Exercise goal – Reproduce every record below exactly as written, but leave out any pictures.

Material for the task START

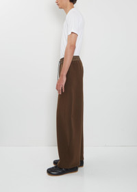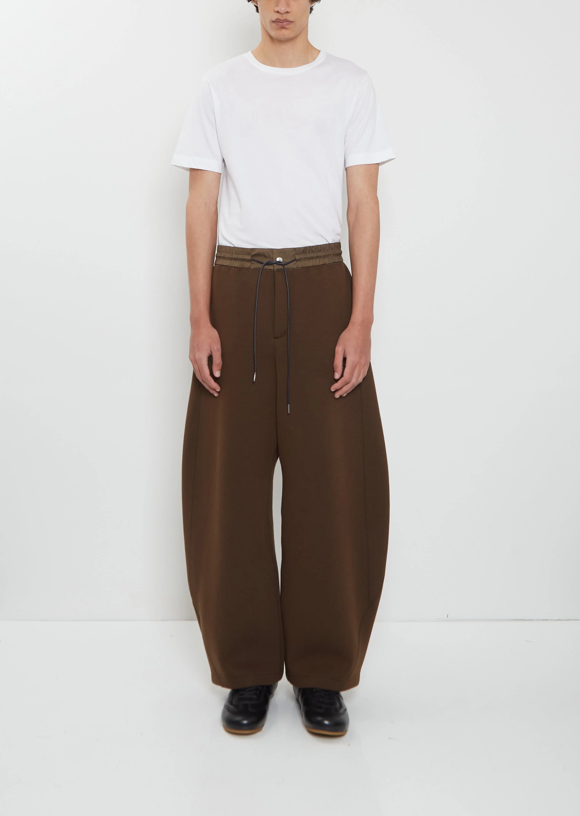 Sacai brown pull-on pants with an elasticated waist and adjustable drawstring in signature sponge jersey sweat fabric. Features a single patch pocket at back and a press button and zip fly fastening. Sizing: Designer's unique sizing (1-3). Stefano is 6'2" (188cm), chest 35”, waist 31”, and wears a size 2. Color: Brown. 62% Cotton, 38% Polyester. Made in Japan. SS26SAM07
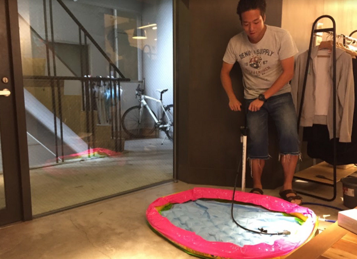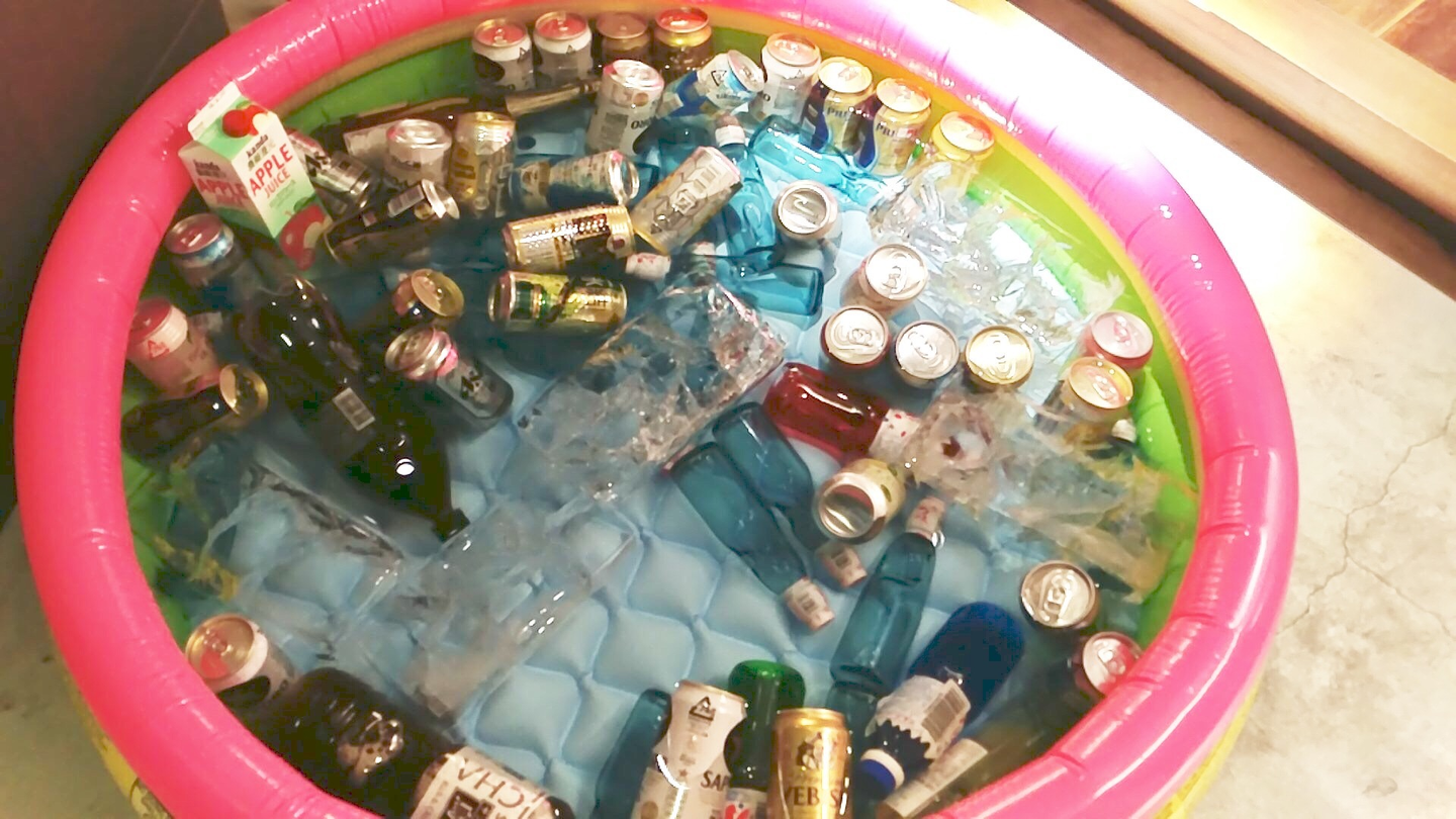 ビールやラムネは部屋の外にビニールプールを設置しました。(つかの間の冷え冷え)
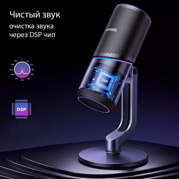 Микрофон настольный Ugreen CM769 с RGB подсветкой (35629) серый обеспечивает высококачественный звук с частотой дискретизации до 96 кГц/24 бит, а также использует передовой алгоритм шумоподавления DSP и кардиоидную направленность для точного захвата голоса. Это делает его отличным выбором для записи, стриминга и общения.
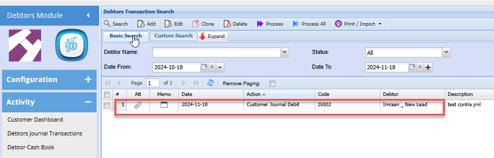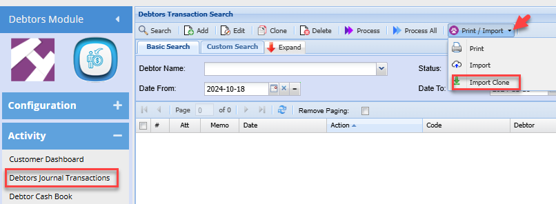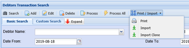 Debtors Module >Activity > Debtors Transactions > Print /Import
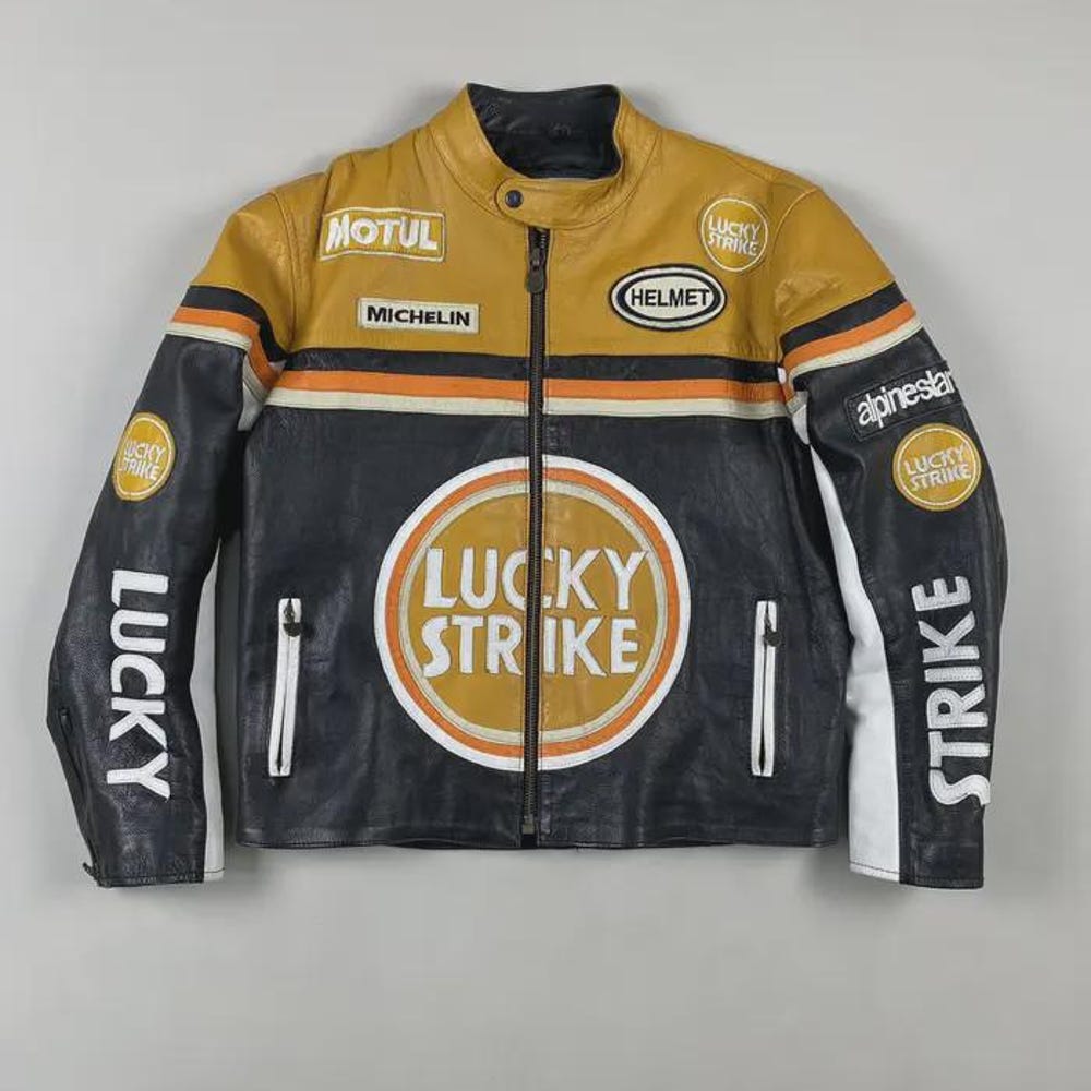 Handmade Lucky Strike Racing Leather Jacket, Classic Biker Gear, High-Quality Leather Jacket, Stylish & Durable Protective Gear
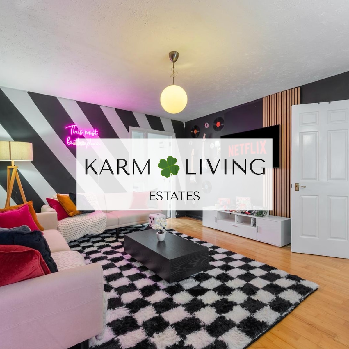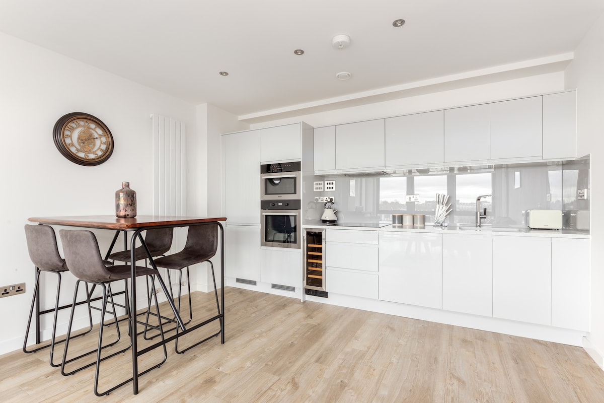 Overlooking the fields, this luxury top floor space invites you to unwind. Ultra-clean, peaceful and beautifully styled. Equipped with everything you need and more. Brew fresh bean-to-cup coffee with the Ninja Luxe Coffee Machine. Stream your favourite shows on the Smart TVs, play board games as a group or work where the view inspires you. Whatever the purpose of your stay, working or relaxing - this is the place to be! London is close by, but feels like a world away. Always a place to park too!

Material for the task END

Answer for this exercise –
 Sacai brown pull-on pants with an elasticated waist and adjustable drawstring in signature sponge jersey sweat fabric. Features a single patch pocket at back and a press button and zip fly fastening. Sizing: Designer's unique sizing (1-3). Stefano is 6'2" (188cm), chest 35”, waist 31”, and wears a size 2. Color: Brown. 62% Cotton, 38% Polyester. Made in Japan. SS26SAM07
 ビールやラムネは部屋の外にビニールプールを設置しました。(つかの間の冷え冷え)
 Микрофон настольный Ugreen CM769 с RGB подсветкой (35629) серый обеспечивает высококачественный звук с частотой дискретизации до 96 кГц/24 бит, а также использует передовой алгоритм шумоподавления DSP и кардиоидную направленность для точного захвата голоса. Это делает его отличным выбором для записи, стриминга и общения.
 Debtors Module >Activity > Debtors Transactions > Print /Import
 Handmade Lucky Strike Racing Leather Jacket, Classic Biker Gear, High-Quality Leather Jacket, Stylish & Durable Protective Gear
 Overlooking the fields, this luxury top floor space invites you to unwind. Ultra-clean, peaceful and beautifully styled. Equipped with everything you need and more. Brew fresh bean-to-cup coffee with the Ninja Luxe Coffee Machine. Stream your favourite shows on the Smart TVs, play board games as a group or work where the view inspires you. Whatever the purpose of your stay, working or relaxing - this is the place to be! London is close by, but feels like a world away. Always a place to park too!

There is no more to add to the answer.